Motivation: Protein language models are enabling advances in elucidating the sequence-to-function mapping, and have important applications in protein design. Models based on multiple sequence alignments efficiently capture the evolutionary information in homologous protein sequences, but multiple sequence alignment construction is imperfect.

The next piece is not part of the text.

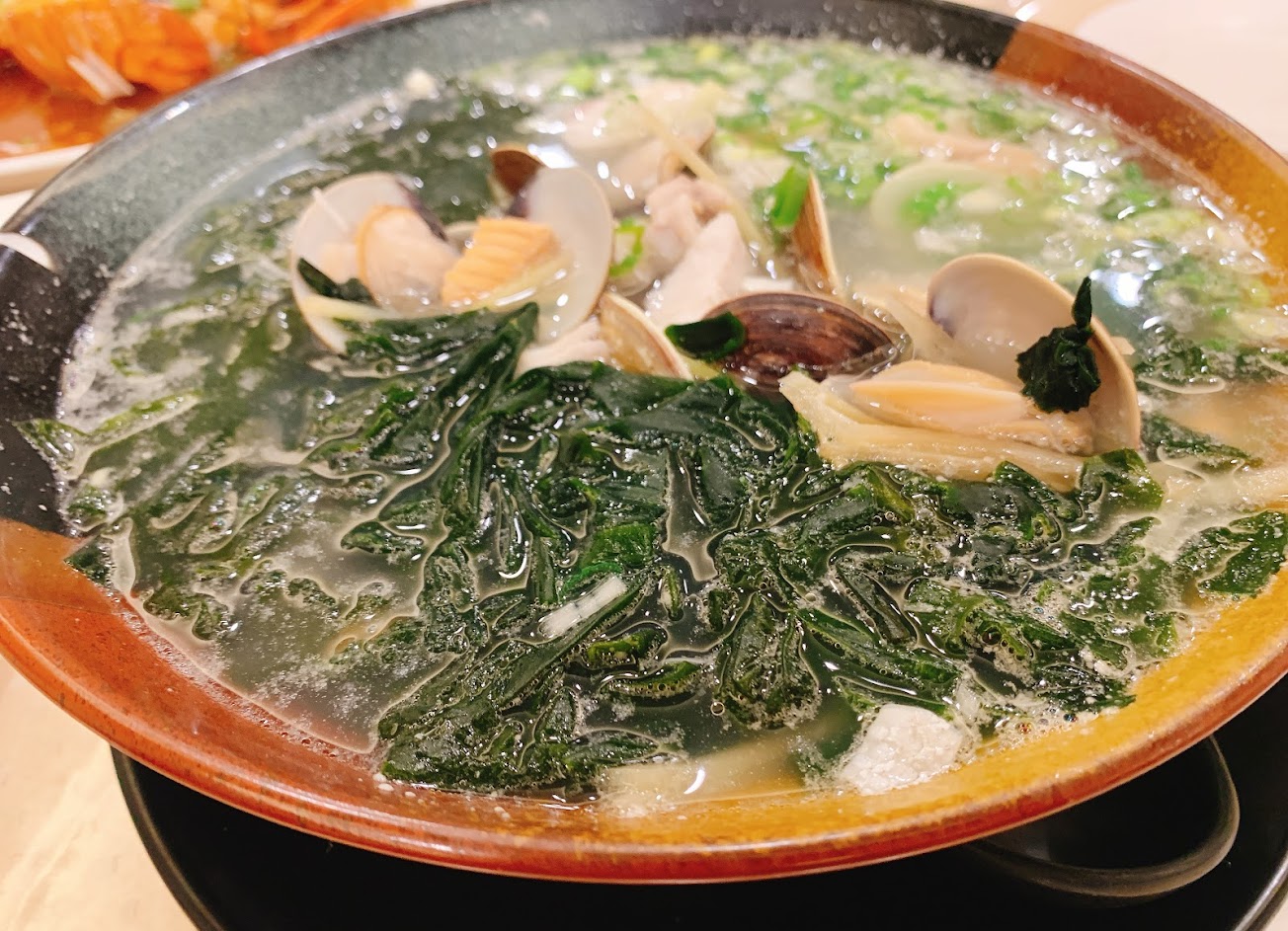 鮮蝦海鮮粥一定要點,原本以為是一人份800不太敢點,點菜時老闆推薦說很好,是十人份,真的很實惠,而且很鮮,鹹蛋透抽也很厚,海鮮都很鮮,炒食蔬也不錯。

Results: We present ProtMamba, a homology-aware but alignment-free protein language model based on the Mamba architecture. In contrast with attention-based models, ProtMamba efficiently handles very long context, comprising hundreds of protein sequences. It is also computationally efficient. We train ProtMamba on a large dataset of concatenated homologous sequences, using two GPUs. We combine autoregressive modeling and masked language modeling through a fill-in-the-middle training objective. This makes the model adapted to various protein design applications. We demonstrate ProtMamba's usefulness for sequence generation, motif inpainting, fitness prediction, and modeling intrinsically disordered regions. For homolog-conditioned sequence generation, ProtMamba outperforms state-of-the-art models. ProtMamba's competitive performance, despite its relatively small size, sheds light on the importance of long-context conditioning.
Availability: A Python implementation of ProtMamba is freely available in our GitHub repository: https://github.com/Bitbol-Lab/ProtMamba-ssm and archived at https://doi.org/10.5281/zenodo.15584634.
Supplementary information: Supplementary data are available at Bioinformatics online.